The black-hearted melancholia of 1995’s Infernal Love was a radical departure for the trio. Bound together by Belfast-born DJ David Holmes’ cinematic soundscapes, the album was a brooding, twisted, heroically unhinged affair: drugs and comedy moustaches may have been involved. “We were supposed to be writing ‘Enter Sandman’, but we’d be out in a rowing boat in a lake at 2am, off our heads, recording geese and ducks for a sprawling piece of noise called Duck Symphony,” chuckles Andy Cairns. “Perhaps it wasn’t for everyone.” In the boardrooms of their major label, the phrase ‘career suicide’ was muttered darkly. With drummer Fyfe Ewing subsequently departing to be replaced by young Dubliner Graham Hopkins, and Infernal Love collaborator Martin McCarrick (guitar/cello) becoming a full-time member of the group, the quartet delivered one final album for A&M, 1998’s fractured and fractious Semi-Detached, before the label imploded in one of the music industry’s periodic down-sizing moves.
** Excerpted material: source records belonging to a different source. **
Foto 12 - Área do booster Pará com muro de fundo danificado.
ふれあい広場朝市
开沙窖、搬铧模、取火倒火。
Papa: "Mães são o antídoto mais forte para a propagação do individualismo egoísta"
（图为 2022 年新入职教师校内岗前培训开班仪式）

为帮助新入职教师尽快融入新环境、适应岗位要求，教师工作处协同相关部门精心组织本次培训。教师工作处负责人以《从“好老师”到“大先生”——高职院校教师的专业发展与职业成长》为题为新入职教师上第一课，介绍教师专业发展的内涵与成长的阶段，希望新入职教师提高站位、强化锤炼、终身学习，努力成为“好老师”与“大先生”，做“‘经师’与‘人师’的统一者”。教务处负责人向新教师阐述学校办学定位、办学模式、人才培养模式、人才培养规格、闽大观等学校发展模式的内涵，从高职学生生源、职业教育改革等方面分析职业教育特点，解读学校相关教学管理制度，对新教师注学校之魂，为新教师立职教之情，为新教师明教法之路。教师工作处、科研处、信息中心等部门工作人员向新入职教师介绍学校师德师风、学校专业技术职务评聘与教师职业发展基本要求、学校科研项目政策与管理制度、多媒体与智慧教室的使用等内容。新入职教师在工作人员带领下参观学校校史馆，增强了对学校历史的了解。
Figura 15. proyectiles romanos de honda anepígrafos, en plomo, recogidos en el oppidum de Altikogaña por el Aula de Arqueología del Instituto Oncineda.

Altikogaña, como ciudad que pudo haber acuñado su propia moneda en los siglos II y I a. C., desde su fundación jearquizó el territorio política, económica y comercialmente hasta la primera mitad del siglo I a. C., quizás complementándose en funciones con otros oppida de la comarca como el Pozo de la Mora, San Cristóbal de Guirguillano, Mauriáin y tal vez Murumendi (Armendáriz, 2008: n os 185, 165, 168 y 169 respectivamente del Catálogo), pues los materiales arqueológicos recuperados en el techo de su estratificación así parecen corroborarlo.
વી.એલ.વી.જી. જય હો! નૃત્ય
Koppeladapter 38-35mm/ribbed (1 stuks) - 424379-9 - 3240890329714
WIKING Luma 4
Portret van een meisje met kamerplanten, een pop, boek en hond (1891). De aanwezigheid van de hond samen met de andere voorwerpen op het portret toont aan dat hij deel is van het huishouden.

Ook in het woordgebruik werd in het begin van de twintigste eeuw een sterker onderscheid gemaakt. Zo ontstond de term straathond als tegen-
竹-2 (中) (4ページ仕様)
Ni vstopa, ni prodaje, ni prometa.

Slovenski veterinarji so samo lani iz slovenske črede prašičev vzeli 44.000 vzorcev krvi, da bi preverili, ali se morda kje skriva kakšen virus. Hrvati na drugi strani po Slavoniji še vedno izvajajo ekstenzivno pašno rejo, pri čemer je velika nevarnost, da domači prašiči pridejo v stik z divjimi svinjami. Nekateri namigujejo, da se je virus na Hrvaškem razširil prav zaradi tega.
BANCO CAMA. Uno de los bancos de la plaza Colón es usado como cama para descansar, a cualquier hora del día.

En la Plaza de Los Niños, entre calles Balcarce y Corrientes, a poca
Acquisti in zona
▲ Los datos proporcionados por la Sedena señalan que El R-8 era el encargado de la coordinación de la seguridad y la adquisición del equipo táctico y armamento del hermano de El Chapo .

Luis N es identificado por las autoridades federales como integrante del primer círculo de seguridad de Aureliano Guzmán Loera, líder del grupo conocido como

With their backs against the wall, in 1999 Therapy? returned with one of their most off-kilter, challenging and most perfectly realised albums in Sucide Pact – You First, their first release for former IRS boss Miles Copeland’s new independent imprint Ark 21. A sardonically-titled compilation album So Much For The Ten Year Plan – A Retrospective 1990 – 2000 followed, rounding up the ‘greatest hits’ and serving notice, on new tracks Fat Camp and Bad Karma, of the quartet’s increasing infatuation with old fashioned speaker-shredding, head-caving, shit-kicking rock ‘n’ roll ramalama. Recorded in Seattle with famed grunge production guru Jack Endino, 2001’s Shameless was the logical conclusion of this burgeoning love affair, dishing up white-knuckle hooligan blues rumbles for a generation who’d fallen in love anew with the sound of distorted guitars.
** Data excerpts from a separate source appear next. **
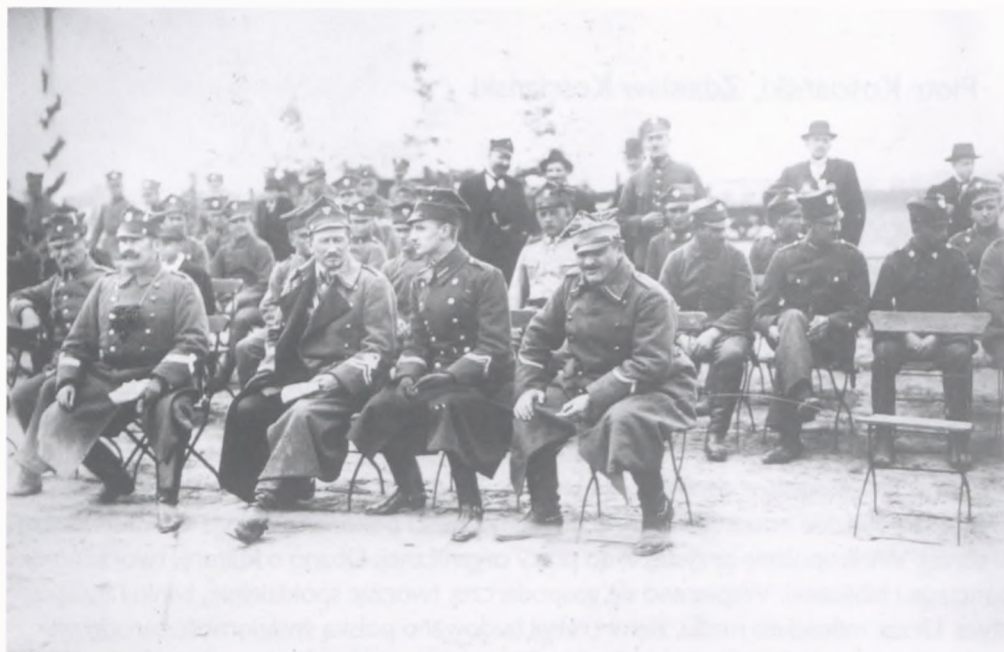
Gen. J. Dowbor Muśnicki wraz z oficerami Sztabu Głównego, m.in. Julianem Lange, Władysławem Andersem podczas przerwy w uroczystościach 1919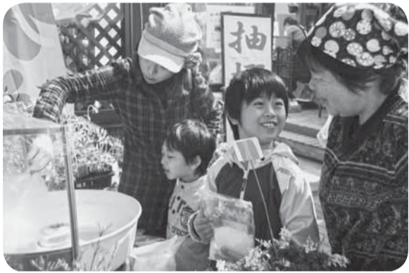
▲できあがりを楽しみな綿あめ作り体験

今年で10周年を迎える、山田地区の交流拠点である風土村で、2日間にわたり大創業祭が開催されました。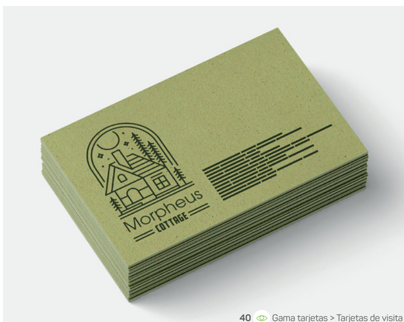
40 Gama tarjetas > Tarjetas de visita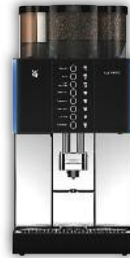
Uitvoering met 2 molens, Twintopping, 8 voorkeurstoetsen.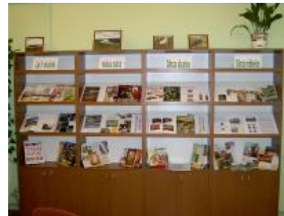
Literārā izstāde „Lai ir skaista mūsu sēta ”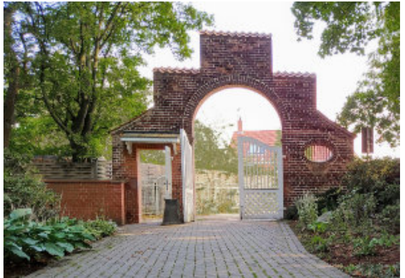
Eingangsbereich des Herrenhäuser Friedhofs

Der Friedhof soll ein Ort der Ruhe für die Toten und zugleich ein Ort der Hoffnung für die Lebenden und Trauernden sein. Helfen Sie mit, damit dies auch in Zukunft gelingt.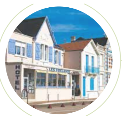
Front de mer

2002 saw the departure of Hopkins, with ex-The Beyond/Cable man Neil Cooper becoming the band’s third drummer. Perfectly attuned to the group aesthetic, Cooper’s arrival brought fresh energy and urgency to the band, showcased on the following year’s adrenalised High Anxiety set. Guitarist/cellist Martin McCarrick’s departure in the wake of the release saw Therapy? return to their three piece roots: 2004’s raw, feral Never Apologise, Never Explain album was evidence of their renewed hunger. In 2006, the band returned with album number eleven, One Cure Fits All, a concise, wired amalgam of their trademark angular riffs and slow-burning melodic nous, eclipsed in 2009 by the superb Crooked Timber, a dynamic, assured and powerful set recorded by Gang Of Four guitarist Andy Gill. As they entered the third decade of their career, Therapy? had never sounded more confident, more muscular or more driven. Fans responded in kind, pushing the album to silver status in Europe and demanding the most rigorous touring schedule from the band in a decade. Callow youths no longer, Therapy? had become men. Which brings us neatly up to date, and the release of A Brief Crack Of Light.
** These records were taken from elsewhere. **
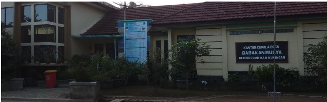
Gambar 3. 1 Desa Babakanmulya

Desa Babakanmulya adalah sebuah Desa di ujung Barat Kabupaten Kuningan, yang merupakan Desa hasil pemekaran dari Desa Puncak Kecamatan Cigugur Kabupaten Kuningan pada Tahun 1984. Berawal dari keinginan Masyarakat yang ingin mendapatkan pelayanan yang prima dari Pemerintah yang lebih dekat, efektif dan efisien maka pada Tahun 1984 dibentuklah Panitia Pemekaran Desa dan pada waktu itu juga langsung mengajukan permohonan pemekaran Desa kepada Pemerintah Kabupaten. Dengan melewati beberapa hal/proses pemekaran yang sesuai dengan aturan Hukum yang berlaku dari mulai penentuan nama Desa, pembagian Wilayah, pembagian kekayaan Desa, dll. Akhirnya pada Bulan Agustus 1984 Babakanmulya resmi menjadi Desa sesuai dengan Peraturan Daerah Tentang Pembentukan Desa – Desa baru hasil Pemekaran Desa di Kabupaten Kuningan.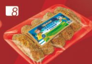
ЗРАЗЫ "Сказка" с сыром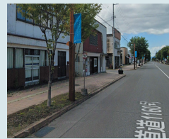
⑪東町2丁目上り 電気軌道バス停前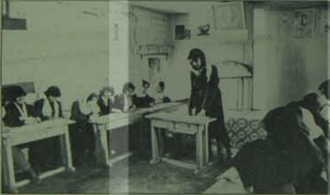
Devrimci Afganistan'ın gönüllü öğretmenleri, gönüllü emekçileri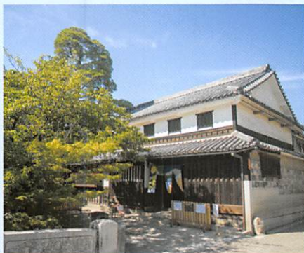
▲ 語らい座 大原本邸 正面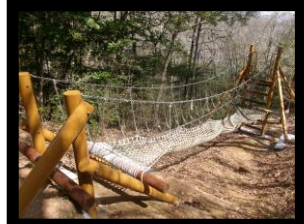
★12 モンキーブリッジ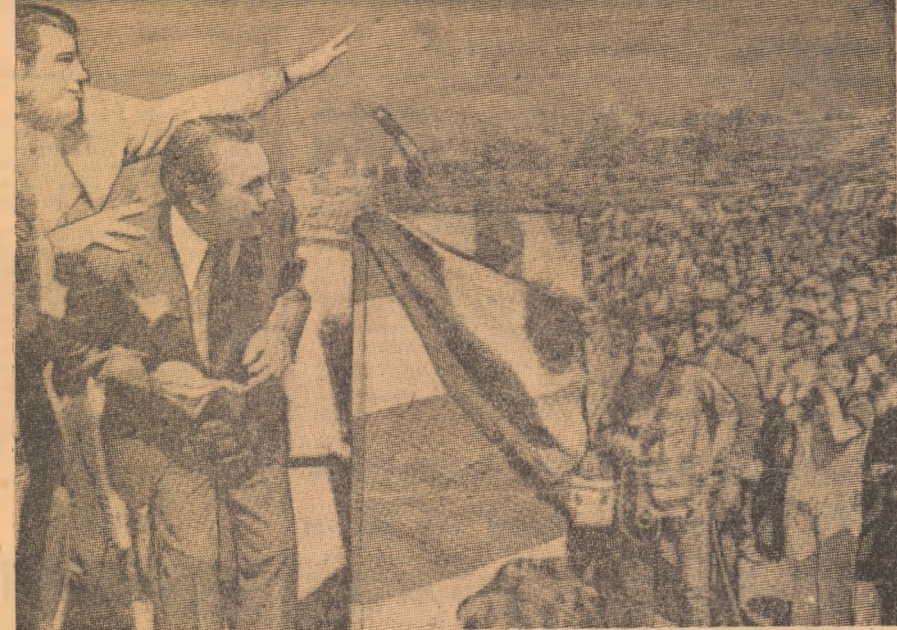
Guvernatorul George Wallace, cunoscut pentru vederile sale conservatoare, de dreapta, a fost nevoit să-și întrerupă o înfruntare electorală la Washington în fața avalanșei de proteste a alegătorilor.

LA 15 MAI, la Cairo, au avut loc convorbiri între mareșalul Andrei Greco, ministrul apărării al U.R.S.S., care face o vizită în R.A.E., și Hohamed Ahmed Sadek, vicepreședintele Consiliului de Miniștri, ministrul apărării al Republicii Arabe Egipt — anunță agenția TASS.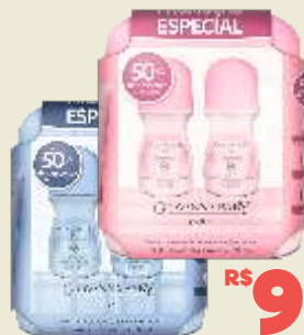
Kit Desodorante Giovanna Baby Rollon Blue ou Classic c/ 2 unidades 50mL

“The success of this album won’t be measured in sales but in the knowledge that we’ll be happy with it for years to come,” says Andy Cairns confidently. “It’s important to us to keep moving forward and keep challenging ourselves and the audience. I can put on albums like Babyteeth and Suicide Pact… and Crooked Timber and feel totally proud to have been involved in making them and at the risk of sounding pretentious, we wanted to make an album that stands up strong within our canon. And we’ve done that. With A Brief Crack Of Light we’ve never sounded more like us, slightly odd and slightly apart as always. We can’t wait for people to hear it.”